▶ **Required action**: Return the complete listing exactly as it reads, with each picture removed.

▶ **Data below**:
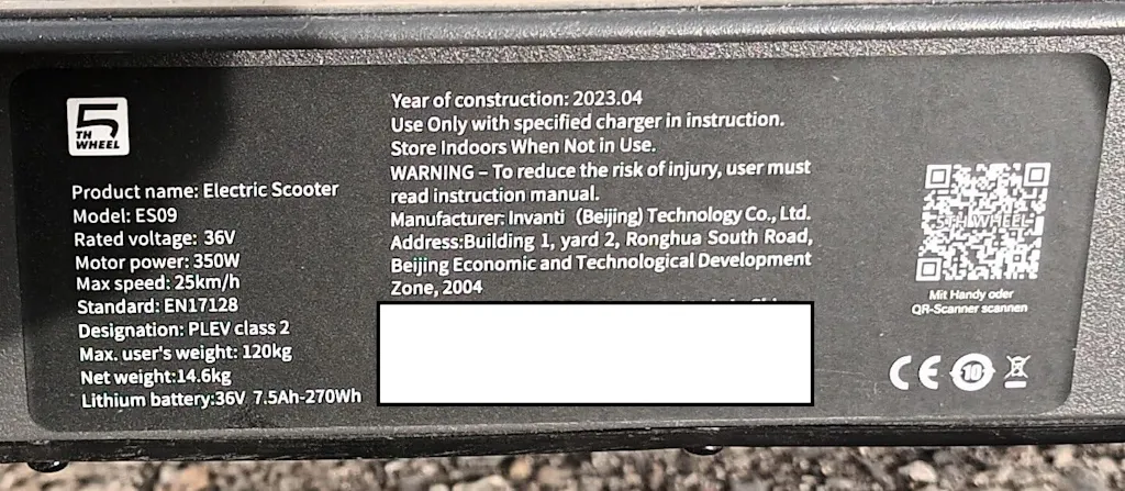 | Rated Power | 350W Hub Motor |
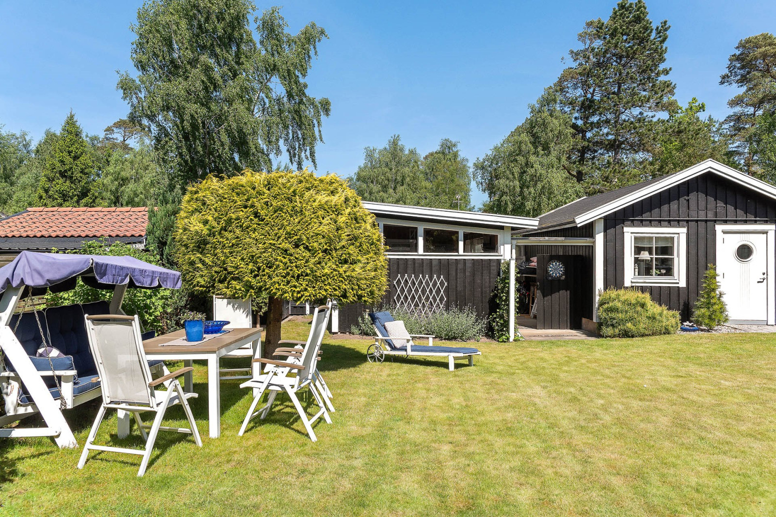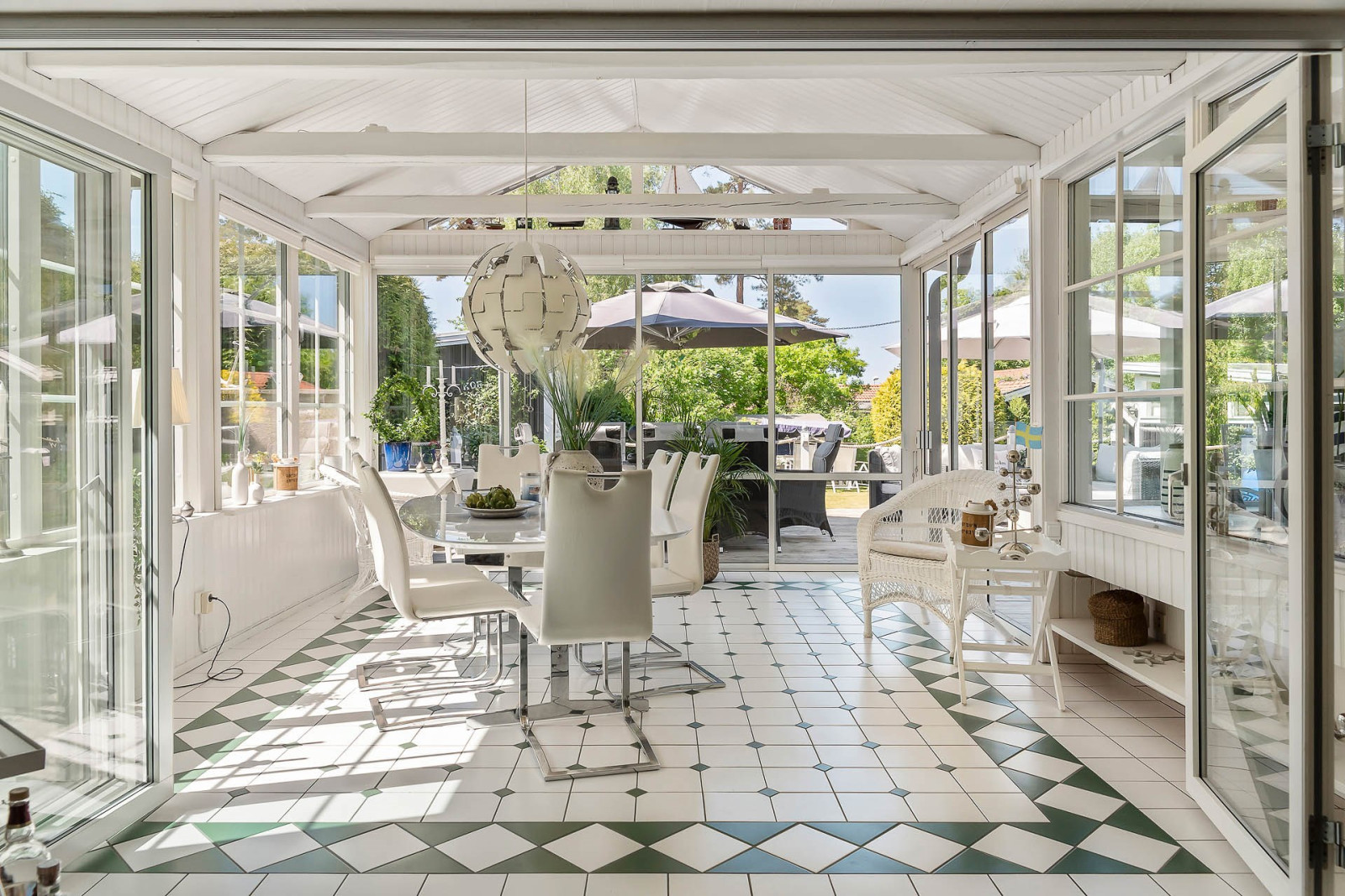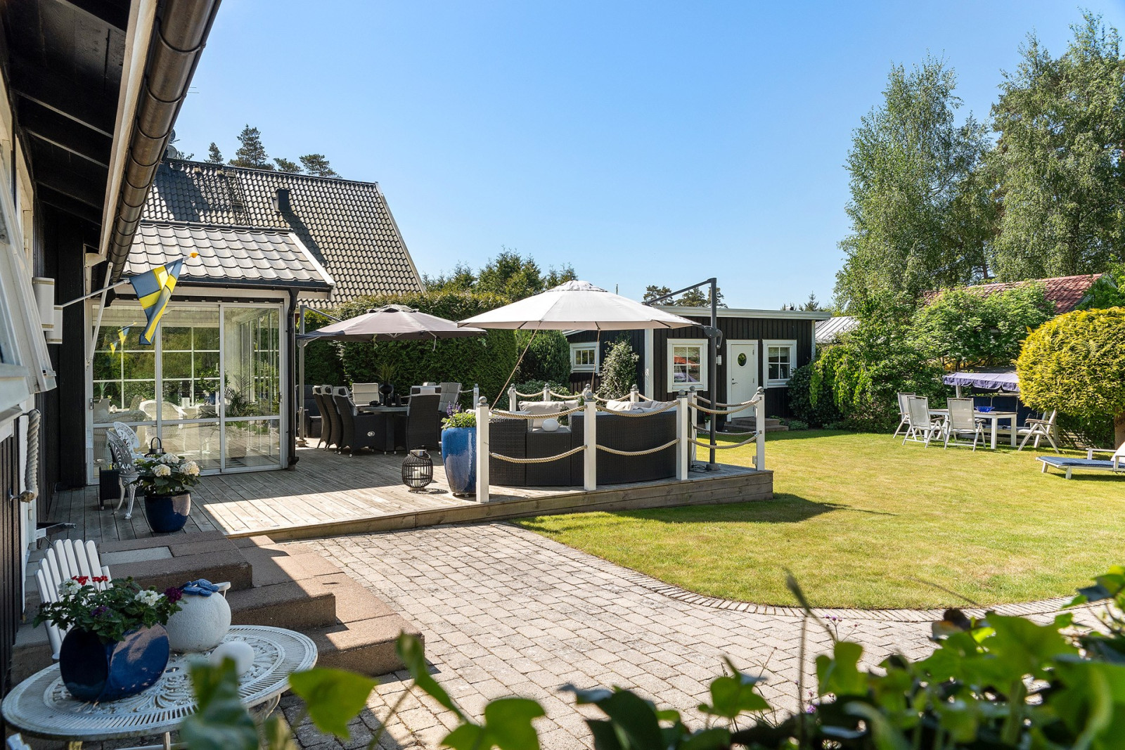 På perfekt läge på hörntomt i norra Mellbystrand hittar ni denna pärla som kan användas som både permanentboende eller fritidsboende. Här finns ett välskött ljust mysigt hus med mycket charm. Huset byggdes 1980 och byggdes sedan till 1988. Nuvarande ägare byggde 2002 ett fantastiskt inbjudande uterum om c:a 20 kvm. Rummet har ett fint klinkerbelagt golv med golvvärme och två öppningsbara glasskjutpartier mot den öppna altanen i vinkel. Utgång till uterummet sker via en stor glas-vikvägg från sällskapsrummet innanför. Vill man förlänga rummet öppnar man glas-vikdörrarna från 2017 helt och rummet går i ett med sällskapsrummet innanför. Det finns även en glasdörr i vikpartiet som man kan använda istället för att öppna upp rummet helt. När man befinner sig i uterummet får man känslan av att sitta ute i den underbara insynsskyddade trädgården som inramas av gröna häckar och buskar. I trädgården finns också de två välskötta gäststugorna med fyra sängplatser och badrum i båda två. Den ena av gäststugorna byggdes 2016 och inrymmer dessutom två rum. Väljer man att sitta ute under bar himmel kan man välja den öppna trallbelagda altanen, den stenlagda uteplatsen vid entrén eller bara njuta av det gröna gräset på den sköna trädgårdssidan.
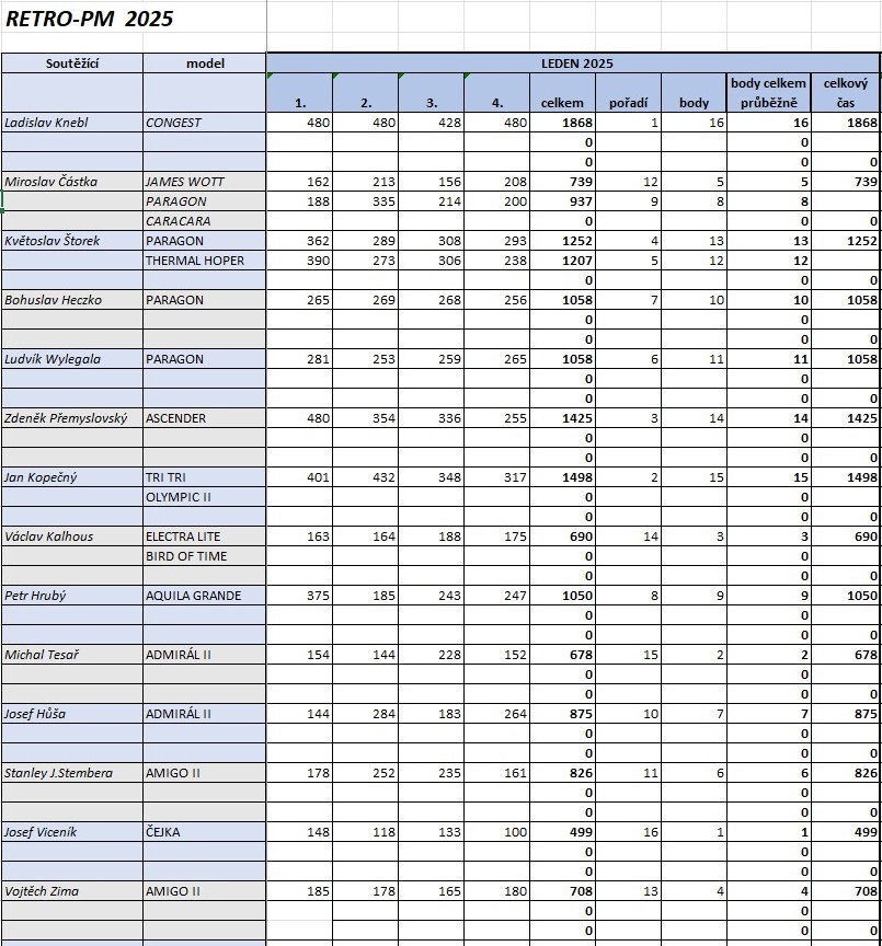 Vítám Všechny nadšené Retro letce, kteří začali naplno prohánět své stroje už od prvního měsíce roku 2025. Přiznám se, že takovou účast hned na začátku jsem nečekal a velmi mě to potěšilo. V lednu létalo 16 modelů!  Věřím, že se k nám se vzrůstajícími teplotami a s prodlužujícími se dny připojí ještě další modeláři, kteří dosud váhali.
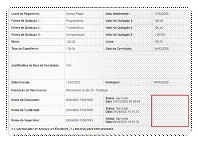 Ao realizar o processo de criação, a data realizada acatará a data de conclusão da atividade (capa de aprovação).

▶ **Completed exercise**:
 | Rated Power | 350W Hub Motor |
 På perfekt läge på hörntomt i norra Mellbystrand hittar ni denna pärla som kan användas som både permanentboende eller fritidsboende. Här finns ett välskött ljust mysigt hus med mycket charm. Huset byggdes 1980 och byggdes sedan till 1988. Nuvarande ägare byggde 2002 ett fantastiskt inbjudande uterum om c:a 20 kvm. Rummet har ett fint klinkerbelagt golv med golvvärme och två öppningsbara glasskjutpartier mot den öppna altanen i vinkel. Utgång till uterummet sker via en stor glas-vikvägg från sällskapsrummet innanför. Vill man förlänga rummet öppnar man glas-vikdörrarna från 2017 helt och rummet går i ett med sällskapsrummet innanför. Det finns även en glasdörr i vikpartiet som man kan använda istället för att öppna upp rummet helt. När man befinner sig i uterummet får man känslan av att sitta ute i den underbara insynsskyddade trädgården som inramas av gröna häckar och buskar. I trädgården finns också de två välskötta gäststugorna med fyra sängplatser och badrum i båda två. Den ena av gäststugorna byggdes 2016 och inrymmer dessutom två rum. Väljer man att sitta ute under bar himmel kan man välja den öppna trallbelagda altanen, den stenlagda uteplatsen vid entrén eller bara njuta av det gröna gräset på den sköna trädgårdssidan.
 Vítám Všechny nadšené Retro letce, kteří začali naplno prohánět své stroje už od prvního měsíce roku 2025. Přiznám se, že takovou účast hned na začátku jsem nečekal a velmi mě to potěšilo. V lednu létalo 16 modelů!  Věřím, že se k nám se vzrůstajícími teplotami a s prodlužujícími se dny připojí ještě další modeláři, kteří dosud váhali.
 Ao realizar o processo de criação, a data realizada acatará a data de conclusão da atividade (capa de aprovação).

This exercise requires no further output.